▶
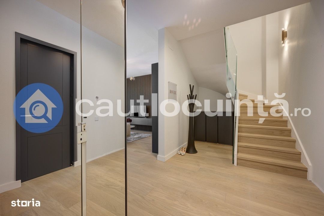 Apartamentul are suprafața totală de 215,7 mp (suprafața utilă 178,43 mp) compartimentat: antreu, 3 dormitoare, bucătărie + living, 2 garderobe, terasă, 3 blocuri sanitare. Confort și spațiu generos Fiecare apartament din cadrul ansamblului este proiectat pentru a oferi un confort deosebit. Cu înălțimi de 3m în living și 2,8m în dormitoare, apartamentele sunt inundate de lumină naturală, creând un ambient aerisit și plăcut. Spațiile interioare sunt gândite pentru a adăuga funcționalitate și eleganță. Sustenabilitate și relaxare Complexul este un proiect certificat Green Homes, axat pe sustenabilitate și protecția mediului. Grădinile private și terasele largi îți oferă nu doar un loc de relaxare, dar și un acces direct la natură, într-un cadru natural liniștit, ideal pentru a te deconecta de ritmul alert al orașului. În plus, ansamblul beneficiază de o infrastructură modernă, incluzând spații verzi comune și locuri de joacă, pentru o viață de familie împlinită. Tehnologie de ultimă generație În ansamblul rezidențial, tehnologia este integrată pentru a asigura un trai modern și eficient. Fiecare locuință este echipată cu sisteme Smart Home, care îți permit controlul complet asupra iluminatului, temperaturii și securității din confortul locuinței tale. Pompele de căldură și fațada ventilată sunt soluții inovative ce contribuie la eficiența energetică și reduc costurile de întreținere, în timp ce mențin un mediu de viață confortabil pe tot parcursul anului. Design de lux Finisajele sunt de cea mai înaltă calitate: parchet din lemn stratificat, gresie și faianță premium, într-o paletă cromatică rafinată ce combină eleganța albului cu auriu. Fiecare detaliu al apartamentelor este gândit pentru a crea un ambient sofisticat și primitor. Bucătăriile și băile sunt dotate cu aparatură modernă de top, iar materialele folosite reflectă standardele înalte de lux și rafinament. Locație deosebită și accesibilitate În apropiere se află centre comerciale, instituții de învățământ și servicii esențiale. Complexul este locul unde confortul, luxul și natura se întâlnesc. Fie că alegi o locuință pentru tine sau pentru întreaga familie, vei descoperi un spațiu care îmbină rafinamentul arhitectural cu funcționalitatea modernă, fiind locul perfect pentru o viață liniștită și de calitate. Pentru mai multe detalii, nu existați să contactați expertul nostru.
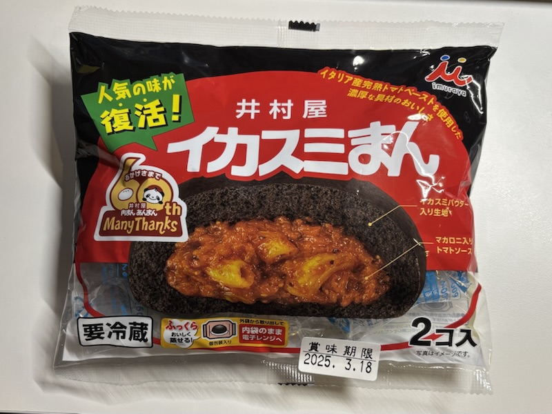 先日スーパーでイカスミまんを見つけたので買ってみました。どうやら24年の8月から発売開始しており冷凍と冷蔵の2種類があるようです。ともに2個入り。
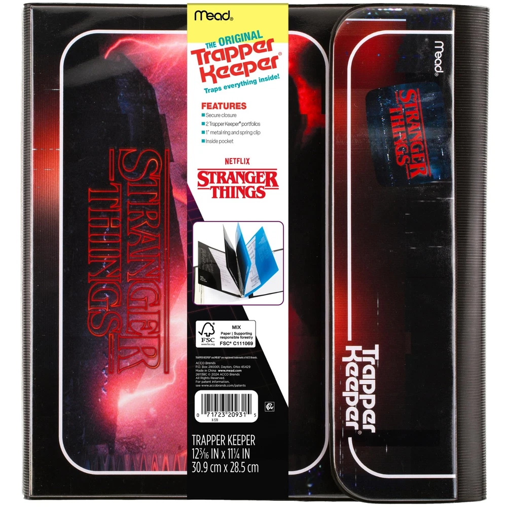 Mead Trapper Keeper Binder, Stranger Things, 1 Inch Binder 1 inch, Creatures Description Get ready for the ultimate adventure. The Trapper Keeper STRANGER THINGS Creatures Binder helps you stay organized even when face-to-face with otherworldly monsters. No need to fear the Upside Down. The hook and loop closure helps trap all your stuff inside – even if you drop it! Two folders help keep your papers secure. Each folder has a vertical pocket that holds loose sheets so they won't fall out. Common stats are printed right on the folders, so you don't forget the basics. Store the folders and other 3-hole punched sheets in the sturdy 1" metal binder rings. A metal clip on the back of the Trapper Keeper secures loose papers and notes while on the go. Store even more in the inside pocket, perfect for keeping handouts, character sheets and extra paper close at hand. STRANGER THINGS is a trademark/copyright owned by Netflix. Used with permission. Upside Down Pictures. Monkey Massacre Productions. 21 Laps. Shawn Levy. Features: It's a creature double-feature. Stay organized even when face-to-face with otherworldly monsters. No need to fear the Upside Down. The hook and loop closure helps trap all your stuff inside – even if you drop it! Two folders help keep your papers secure. Each folder has a vertical pocket that holds loose sheets so they won't fall out. Common stats are printed right on the folders, so you don't forget the basics. Store the folders and other 3-hole punched sheets in the sturdy 1" metal binder rings. A metal clip on the back of the Trapper Keeper secures loose papers and notes while on the go. Store even more in the inside pocket, perfect for keeping handouts, character sheets and extra paper close at hand Product Details: Handling We will ship all orders within 3 business day of payment. Delivery We Do Not Ship Outside of the Continental US. Return Policy All items qualify for returns within 30 days of receipt. Buyer is responsible for return shipping on any item that is not damaged. Feedback We take our reputation seriously, we buy and sell online, so we understand the value of trust. If you are unsatisfied with your order, please contact us and we will work with you to resolve it to your satisfaction.
◀
### Problem details:
With the pictures set aside, copy each line above as written.

### Your response:
 Apartamentul are suprafața totală de 215,7 mp (suprafața utilă 178,43 mp) compartimentat: antreu, 3 dormitoare, bucătărie + living, 2 garderobe, terasă, 3 blocuri sanitare. Confort și spațiu generos Fiecare apartament din cadrul ansamblului este proiectat pentru a oferi un confort deosebit. Cu înălțimi de 3m în living și 2,8m în dormitoare, apartamentele sunt inundate de lumină naturală, creând un ambient aerisit și plăcut. Spațiile interioare sunt gândite pentru a adăuga funcționalitate și eleganță. Sustenabilitate și relaxare Complexul este un proiect certificat Green Homes, axat pe sustenabilitate și protecția mediului. Grădinile private și terasele largi îți oferă nu doar un loc de relaxare, dar și un acces direct la natură, într-un cadru natural liniștit, ideal pentru a te deconecta de ritmul alert al orașului. În plus, ansamblul beneficiază de o infrastructură modernă, incluzând spații verzi comune și locuri de joacă, pentru o viață de familie împlinită. Tehnologie de ultimă generație În ansamblul rezidențial, tehnologia este integrată pentru a asigura un trai modern și eficient. Fiecare locuință este echipată cu sisteme Smart Home, care îți permit controlul complet asupra iluminatului, temperaturii și securității din confortul locuinței tale. Pompele de căldură și fațada ventilată sunt soluții inovative ce contribuie la eficiența energetică și reduc costurile de întreținere, în timp ce mențin un mediu de viață confortabil pe tot parcursul anului. Design de lux Finisajele sunt de cea mai înaltă calitate: parchet din lemn stratificat, gresie și faianță premium, într-o paletă cromatică rafinată ce combină eleganța albului cu auriu. Fiecare detaliu al apartamentelor este gândit pentru a crea un ambient sofisticat și primitor. Bucătăriile și băile sunt dotate cu aparatură modernă de top, iar materialele folosite reflectă standardele înalte de lux și rafinament. Locație deosebită și accesibilitate În apropiere se află centre comerciale, instituții de învățământ și servicii esențiale. Complexul este locul unde confortul, luxul și natura se întâlnesc. Fie că alegi o locuință pentru tine sau pentru întreaga familie, vei descoperi un spațiu care îmbină rafinamentul arhitectural cu funcționalitatea modernă, fiind locul perfect pentru o viață liniștită și de calitate. Pentru mai multe detalii, nu existați să contactați expertul nostru.
 先日スーパーでイカスミまんを見つけたので買ってみました。どうやら24年の8月から発売開始しており冷凍と冷蔵の2種類があるようです。ともに2個入り。
 Mead Trapper Keeper Binder, Stranger Things, 1 Inch Binder 1 inch, Creatures Description Get ready for the ultimate adventure. The Trapper Keeper STRANGER THINGS Creatures Binder helps you stay organized even when face-to-face with otherworldly monsters. No need to fear the Upside Down. The hook and loop closure helps trap all your stuff inside – even if you drop it! Two folders help keep your papers secure. Each folder has a vertical pocket that holds loose sheets so they won't fall out. Common stats are printed right on the folders, so you don't forget the basics. Store the folders and other 3-hole punched sheets in the sturdy 1" metal binder rings. A metal clip on the back of the Trapper Keeper secures loose papers and notes while on the go. Store even more in the inside pocket, perfect for keeping handouts, character sheets and extra paper close at hand. STRANGER THINGS is a trademark/copyright owned by Netflix. Used with permission. Upside Down Pictures. Monkey Massacre Productions. 21 Laps. Shawn Levy. Features: It's a creature double-feature. Stay organized even when face-to-face with otherworldly monsters. No need to fear the Upside Down. The hook and loop closure helps trap all your stuff inside – even if you drop it! Two folders help keep your papers secure. Each folder has a vertical pocket that holds loose sheets so they won't fall out. Common stats are printed right on the folders, so you don't forget the basics. Store the folders and other 3-hole punched sheets in the sturdy 1" metal binder rings. A metal clip on the back of the Trapper Keeper secures loose papers and notes while on the go. Store even more in the inside pocket, perfect for keeping handouts, character sheets and extra paper close at hand Product Details: Handling We will ship all orders within 3 business day of payment. Delivery We Do Not Ship Outside of the Continental US. Return Policy All items qualify for returns within 30 days of receipt. Buyer is responsible for return shipping on any item that is not damaged. Feedback We take our reputation seriously, we buy and sell online, so we understand the value of trust. If you are unsatisfied with your order, please contact us and we will work with you to resolve it to your satisfaction.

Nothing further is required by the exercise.